Há 13 investigados pela Lava Jato no Senado e 24 na Câmara, incluindo os dois presidentes de cada Casa, Renan Calheiros (PMDB-RN) e Eduardo Cunha (PMDB-RJ). Todos contam os dias para terem seus casos concluídos pelo Ministério Público Federal, enquanto, no Planalto Central, ainda ecoam as palavras da ministra do STF Cármen Lúcia durante seu voto favorável à prisão de Delcídio. “Houve um momento em que a maioria de nós brasileiros acreditou num mote segundo o qual uma esperança tinha vencido o medo. Depois, nos deparamos com a ação penal 470 [o mensalão petista] e descobrimos que o cinismo tinha vencido aquela esperança. Agora parece-se constatar que o escárnio venceu o cinismo. O crime não vencerá a Justiça”, escreveu ela. O recado aos políticos foi direto: "Não se confunde imunidade com impunidade".
No Palácio do Planalto, além da preocupação com o nível da atividade no Congresso, há discussões sobre como o PT tem atacado Delcídio e se essa é a melhor saída para evitar a contaminação do Governo com os casos de corrupção. Em reunião fechada com ministros e parlamentares na quarta-feira passada, Rousseff disse que “não vai macular o governo para defender A ou B”, mas a mensagem foi clara: isso não significava que seus auxiliares estavam liberados para destratar o senador detido. O risco seria provocar um desfecho ainda pior: que o parlamentar decidisse fazer um acordo de delação premiada e revelasse a suposta extensão do esquema dentro do Executivo.
Meta fiscal 2015Os opositores tentam colar exatamente essa imagem na gestão petista. “O Delcídio já tinha seu caso arquivado pelo Supremo [Tribunal Federal]. Para mim, está claro que ele não negociava com o filho do Cerveró para si próprio, mas para o Governo da presidenta Dilma”, analisou o deputado Rubens Bueno (PPS-PR).
A prisão de Delcídio teve efeito pior, neste momento, para o Governo Dilma Rousseff (PT) do que qualquer ação de seus opositores ou investidas do presidente da Câmara, Eduardo Cunha (PMDB-RJ).

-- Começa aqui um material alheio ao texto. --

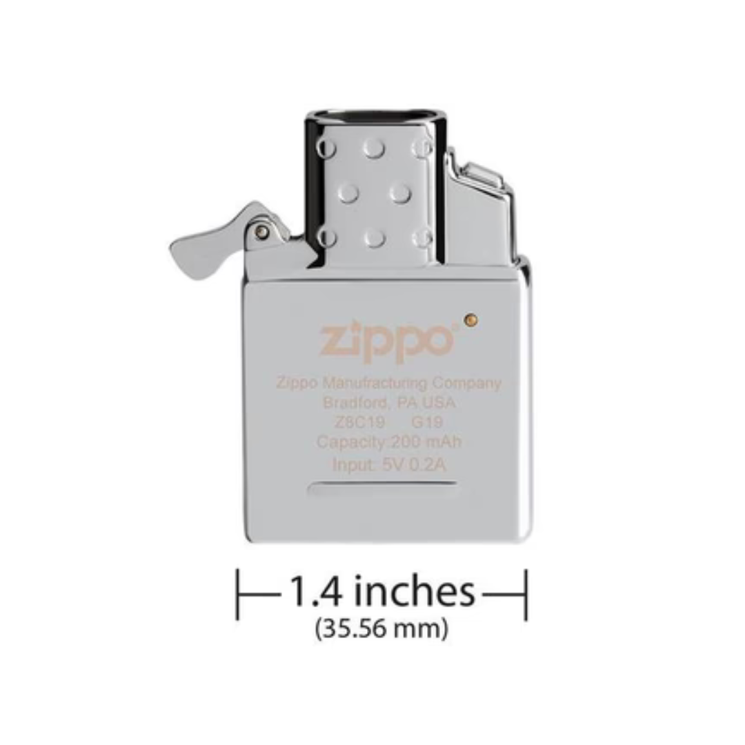 Potenza, praticità e stile Zippo. L’Inserto elettrico ad arco genera due fasci di plasma per un’accensione rapida e antivento, ideale in qualsiasi condizione. Si ricarica facilmente via micro-USB Tempo di ricarica approssimativo di circa 1 ora e 300 ricariche per batteria; include doppio pulsante di accensione e sicurezza timeout 10 secondi.

A principal preocupação dos governistas é a não aprovação da meta fiscal de 2015 que autoriza a União, Estados e Municípios a fecharem o ano com um déficit de 119,9 bilhões de reais. Além da enorme contratempo legal, a não aprovação embute um risco político. Sem esse projeto aprovado em sessão conjunta do Congresso Nacional, a tese do impeachment presidencial volta a crescer porque irregularidades fiscais teriam de ser feitas para concluir o ano. Se isso ocorrer, Rousseff poderia ser acusada de crime de responsabilidade fiscal.
O projeto estava previsto para ser votado na última quarta-feira, porém, o Legislativo brasileiro ficou paralisado com a detenção de Delcídio, que era, até então, o líder do Governo no Senado, e a reunião foi suspensa. Assim, o prazo para a meta ser aprovada ainda este ano fica mais apertado. São só nove sessões até o início do recesso parlamentar, em 22 de dezembro. Caso não seja aprovado, o Governo diz que recorrerá ao Judiciário para evitar ser punido.

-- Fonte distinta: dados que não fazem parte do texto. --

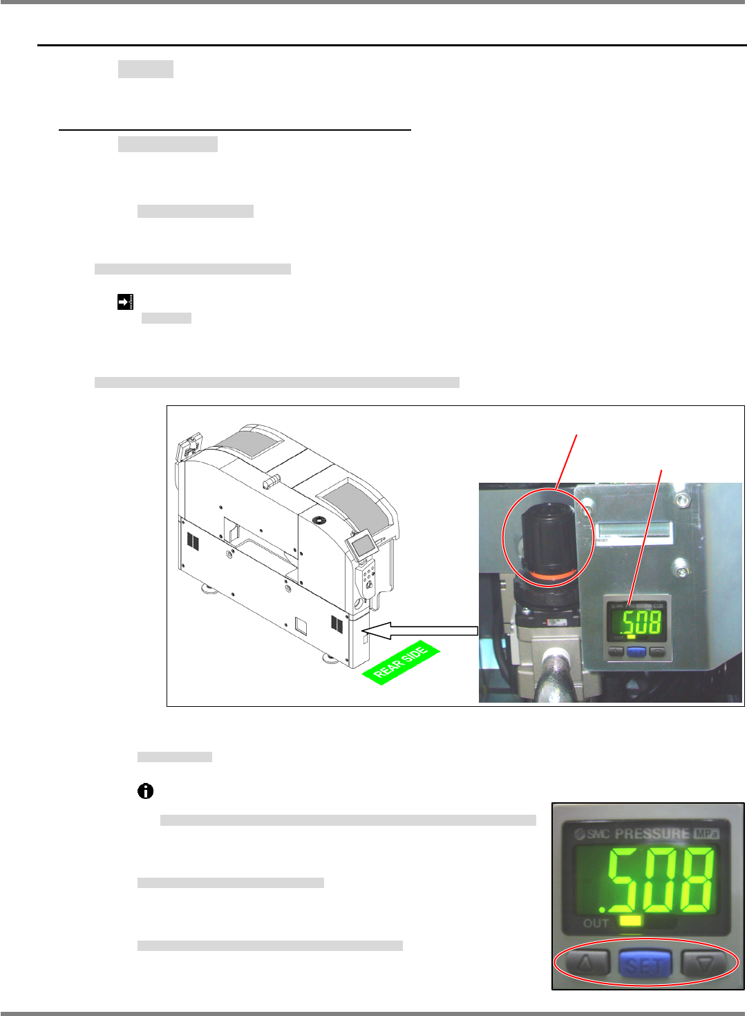 2. If the air pressure is not within the above requirement, turn the adjustment knob of the regulator to adjust

“Para pagarmos tudo que devemos, precisamos fazer um novo contingenciamento [bloqueio de verbas] no Orçamento, que prejudicaria os investimentos e a prestação de serviços pelo Estado. Entendemos, inclusive, que a questão é passível de questionamentos jurídicos”, afirmou o secretário do Tesouro Nacional, Marcelo Saintive, para a Agência Brasil.

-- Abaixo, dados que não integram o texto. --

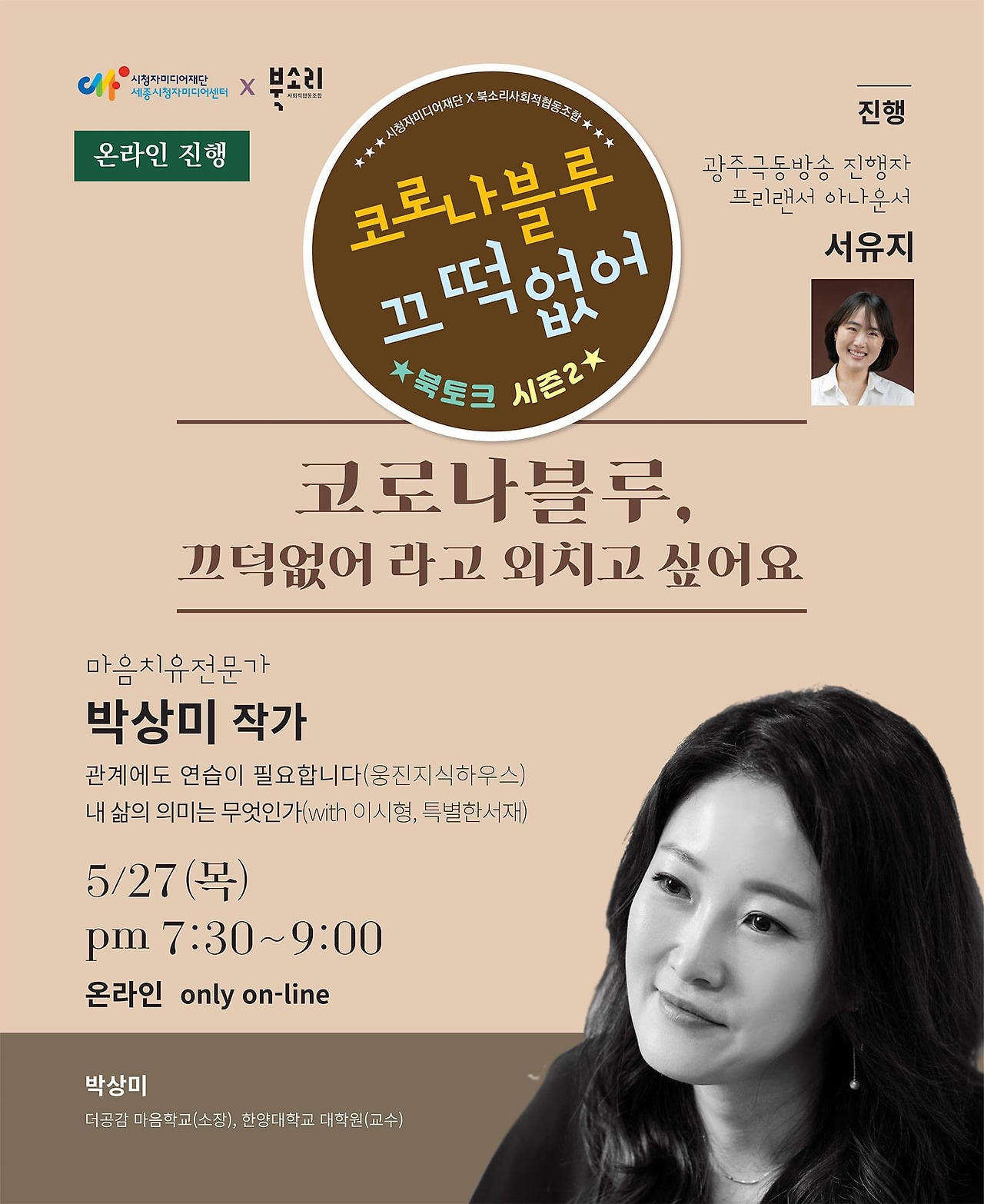 그동안 박상미TV를 통하여 간접적 소통을 해 오신 분들, 이번 기회에 줌으로 온라인 쌍방향 소통을 할 수 있는 절호의 기회입니다. 광클릭 한 번으로, 박상미 선생님과 서로 마음을 나눠보는 것 추천합니다. 진행은 광주극동방송의 진행자인 서유지님이 합니다. 북토크의 진행자로서의 면모를 유감없이 발휘하고 역시 상담학을 공부한 전문가라 아마 두 사람의 케미가 환상일 것이라 기대합니다.

Dos sete congressistas ouvidos pela reportagem, seis dizem acreditar que dificilmente as propostas do ajuste fiscal conseguirão ser aprovadas neste ano. “Há uma onda negativa, mas não podemos nos deixar abater. Temos de correr atrás de aprovar as propostas de interesse do país”, afirmou o vice-líder do Governo no Senado, Telmário Mota (PDT-RR).